Hardware Recommendations

The Lightly Worker is usually run on dedicated hardware or in the cloud on a compute instance which is specifically spun up to run Lightly Worker standalone. Our recommendations on the hardware requirements of this compute instance are based on three criteria:

  • speed: The Lightly Worker should process your raw data as quickly as possible.
  • cost-effectiveness: The compute instance should be economical.
  • stability: The Lightly Worker should not crash because it runs out of memory.

Depending on your raw data size, we recommend the following machine:


Supported GPUs

At the moment, only Nvidia GPUs with CUDA support and capable of running PyTorch models are supported by the Lightly Worker. Some of the older GPUs we have been successfully using are Nvidia GTX 1080ti and Nvidia P100.

You can compute the number of frames of your videos with their length and fps. E.g. 100 videos with 600 seconds in length each and 30 fps have 100 * 600 * 30 = 1.8 million frames.

If you want to train an embedding model for many epochs or want to further increase computing speed, we recommend switching to a V100 or A10 GPU or better.

If you stream the data from cloud storage (AWS S3, Google Cloud Storage, Azure) using the datasource feature, ensure that the region of your cloud bucket and compute instance are the same. Using the same region is very important. It improves performance and reduces costs (see section Accessing services within the same AWS Region)

Keep the configuration option lightly.loader.num_workers at the default (-1), which will set it to the number of vCPUs on your compute instance.

Find the Compute Speed Bottleneck

The performance and speed of the Lightly Worker could be limited by one of three potential bottlenecks. Different steps of the Lightly Worker use these resources to different extents. Thus the bottleneck changes throughout the run.

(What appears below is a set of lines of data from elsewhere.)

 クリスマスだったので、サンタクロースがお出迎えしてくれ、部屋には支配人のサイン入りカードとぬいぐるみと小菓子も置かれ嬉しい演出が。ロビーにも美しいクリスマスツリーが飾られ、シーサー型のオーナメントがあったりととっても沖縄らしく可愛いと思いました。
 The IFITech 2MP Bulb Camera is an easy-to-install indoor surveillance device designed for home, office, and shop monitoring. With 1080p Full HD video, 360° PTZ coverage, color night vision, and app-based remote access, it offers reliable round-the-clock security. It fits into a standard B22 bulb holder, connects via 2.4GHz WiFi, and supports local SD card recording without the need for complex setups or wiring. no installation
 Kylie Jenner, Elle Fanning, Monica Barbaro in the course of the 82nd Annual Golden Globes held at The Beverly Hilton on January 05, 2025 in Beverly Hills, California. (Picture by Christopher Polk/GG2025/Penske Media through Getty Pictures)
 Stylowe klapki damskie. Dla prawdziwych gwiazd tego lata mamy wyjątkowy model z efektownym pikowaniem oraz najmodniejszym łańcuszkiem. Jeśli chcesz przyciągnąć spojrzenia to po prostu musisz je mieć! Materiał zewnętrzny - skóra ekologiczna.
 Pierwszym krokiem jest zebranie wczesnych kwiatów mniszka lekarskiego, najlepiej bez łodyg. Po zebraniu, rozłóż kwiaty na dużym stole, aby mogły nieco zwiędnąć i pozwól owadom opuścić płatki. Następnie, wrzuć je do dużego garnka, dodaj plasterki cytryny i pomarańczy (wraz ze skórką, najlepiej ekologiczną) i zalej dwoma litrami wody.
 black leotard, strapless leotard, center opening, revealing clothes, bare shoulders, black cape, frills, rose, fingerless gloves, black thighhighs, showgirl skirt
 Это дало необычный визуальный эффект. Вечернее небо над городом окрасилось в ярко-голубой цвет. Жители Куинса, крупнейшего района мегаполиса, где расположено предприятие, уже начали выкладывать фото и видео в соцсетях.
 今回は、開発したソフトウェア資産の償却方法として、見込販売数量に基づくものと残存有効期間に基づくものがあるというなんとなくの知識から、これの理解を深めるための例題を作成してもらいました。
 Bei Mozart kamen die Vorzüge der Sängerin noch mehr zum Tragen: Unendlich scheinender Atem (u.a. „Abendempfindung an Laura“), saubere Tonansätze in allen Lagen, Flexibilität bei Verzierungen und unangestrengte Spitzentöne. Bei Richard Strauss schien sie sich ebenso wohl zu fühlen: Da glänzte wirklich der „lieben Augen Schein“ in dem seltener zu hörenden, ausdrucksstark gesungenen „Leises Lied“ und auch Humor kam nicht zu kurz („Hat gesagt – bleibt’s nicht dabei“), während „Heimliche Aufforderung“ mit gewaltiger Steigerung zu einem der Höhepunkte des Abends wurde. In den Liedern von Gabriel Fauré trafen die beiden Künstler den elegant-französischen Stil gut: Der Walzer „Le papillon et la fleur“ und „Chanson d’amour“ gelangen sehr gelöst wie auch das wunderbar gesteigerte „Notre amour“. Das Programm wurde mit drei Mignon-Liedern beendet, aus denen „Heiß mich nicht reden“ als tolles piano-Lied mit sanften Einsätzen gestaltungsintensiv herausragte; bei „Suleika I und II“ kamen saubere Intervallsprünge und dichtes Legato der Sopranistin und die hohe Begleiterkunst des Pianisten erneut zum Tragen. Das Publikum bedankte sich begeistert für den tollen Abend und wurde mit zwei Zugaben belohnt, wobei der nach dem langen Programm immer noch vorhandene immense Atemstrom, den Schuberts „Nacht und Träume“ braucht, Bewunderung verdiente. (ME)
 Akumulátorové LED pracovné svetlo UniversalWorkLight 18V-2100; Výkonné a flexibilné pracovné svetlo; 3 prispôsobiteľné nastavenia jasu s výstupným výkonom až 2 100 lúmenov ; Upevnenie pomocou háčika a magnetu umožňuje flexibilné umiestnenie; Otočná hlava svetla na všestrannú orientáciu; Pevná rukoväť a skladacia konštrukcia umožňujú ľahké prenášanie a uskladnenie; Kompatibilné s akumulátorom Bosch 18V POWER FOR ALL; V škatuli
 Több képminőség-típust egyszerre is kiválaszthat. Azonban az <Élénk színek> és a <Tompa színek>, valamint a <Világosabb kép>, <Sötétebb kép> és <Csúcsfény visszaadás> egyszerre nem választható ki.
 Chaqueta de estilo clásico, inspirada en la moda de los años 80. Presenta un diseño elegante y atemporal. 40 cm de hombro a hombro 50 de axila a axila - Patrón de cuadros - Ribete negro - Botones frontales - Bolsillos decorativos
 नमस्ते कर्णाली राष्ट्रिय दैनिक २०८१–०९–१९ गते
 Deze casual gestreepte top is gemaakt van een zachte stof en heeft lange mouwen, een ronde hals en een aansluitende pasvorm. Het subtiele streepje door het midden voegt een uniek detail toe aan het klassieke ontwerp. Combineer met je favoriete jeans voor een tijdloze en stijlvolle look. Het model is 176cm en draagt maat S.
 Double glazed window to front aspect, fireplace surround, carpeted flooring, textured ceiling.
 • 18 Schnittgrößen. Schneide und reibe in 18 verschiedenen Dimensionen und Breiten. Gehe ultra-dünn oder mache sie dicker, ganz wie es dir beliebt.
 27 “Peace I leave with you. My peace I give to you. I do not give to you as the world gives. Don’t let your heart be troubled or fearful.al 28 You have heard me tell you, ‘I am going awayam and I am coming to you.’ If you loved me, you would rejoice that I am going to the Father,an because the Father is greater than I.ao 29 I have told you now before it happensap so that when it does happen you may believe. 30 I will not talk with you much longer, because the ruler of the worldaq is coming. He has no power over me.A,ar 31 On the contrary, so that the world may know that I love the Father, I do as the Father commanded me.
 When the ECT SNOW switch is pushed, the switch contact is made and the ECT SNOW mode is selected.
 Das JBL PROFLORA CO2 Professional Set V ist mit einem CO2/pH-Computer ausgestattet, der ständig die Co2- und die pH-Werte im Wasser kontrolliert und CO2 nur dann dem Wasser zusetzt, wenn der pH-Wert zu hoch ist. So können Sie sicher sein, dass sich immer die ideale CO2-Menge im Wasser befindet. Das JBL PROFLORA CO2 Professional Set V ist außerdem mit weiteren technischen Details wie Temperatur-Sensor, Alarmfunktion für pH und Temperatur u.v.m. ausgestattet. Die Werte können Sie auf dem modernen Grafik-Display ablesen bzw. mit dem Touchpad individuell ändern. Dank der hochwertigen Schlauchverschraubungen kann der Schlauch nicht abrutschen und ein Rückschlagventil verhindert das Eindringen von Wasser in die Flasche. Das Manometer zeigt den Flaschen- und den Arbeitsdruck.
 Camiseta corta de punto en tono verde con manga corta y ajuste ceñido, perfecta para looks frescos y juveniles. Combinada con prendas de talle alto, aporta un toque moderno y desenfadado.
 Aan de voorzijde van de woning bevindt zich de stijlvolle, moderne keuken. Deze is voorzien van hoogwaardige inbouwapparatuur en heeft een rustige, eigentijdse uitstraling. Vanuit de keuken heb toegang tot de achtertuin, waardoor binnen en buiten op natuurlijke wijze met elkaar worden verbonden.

The potential bottlenecks can be:

  • GPU
  • I/O (How fast can data be loaded from the cloud bucket?)
  • CPU

The GPU is used during three steps:

  • training an embedding model (optional step)
  • pretagging your data (optional step)
  • embedding your data

The I/O and CPUs are used during the previous 3 steps and also used during the following steps, which may take longer:

  • initializing the dataset
  • corruptness check
  • dataset sync with the Lightly Platform

Before changing the hardware configuration of your compute instance, we recommend first determining the bottleneck by monitoring it:

  • You can see the ethernet usage using the terminal command ifstat.
  • You can find out your machine's current CPU and RAM usage using the terminal commands top or htop.
  • You can find out the current GPU usage (both compute and VRAM) using the terminal command watch nvidia-smi.
  • Note that you might need to install these commands using your package manager.

Additional to using these tools, you can also compare the relative duration of the different steps to see the bottleneck. E.g., if the embedding step takes much longer than the corruptness check, then the GPU is the bottleneck. Otherwise, it is the I/O or CPU.

Upgrade your Compute Instance

When upgrading your compute instance to a different instance type, we recommend updating the resource that causes the bottleneck. After that, the bottleneck might have changed.

If there is not one obvious bottleneck, we recommend scaling up I/O, CPUs, and GPUs together.

To prevent the Lightly Worker from running out of system or GPU memory, we recommend 4GB of RAM and 2GB of VRAM for each vCPU.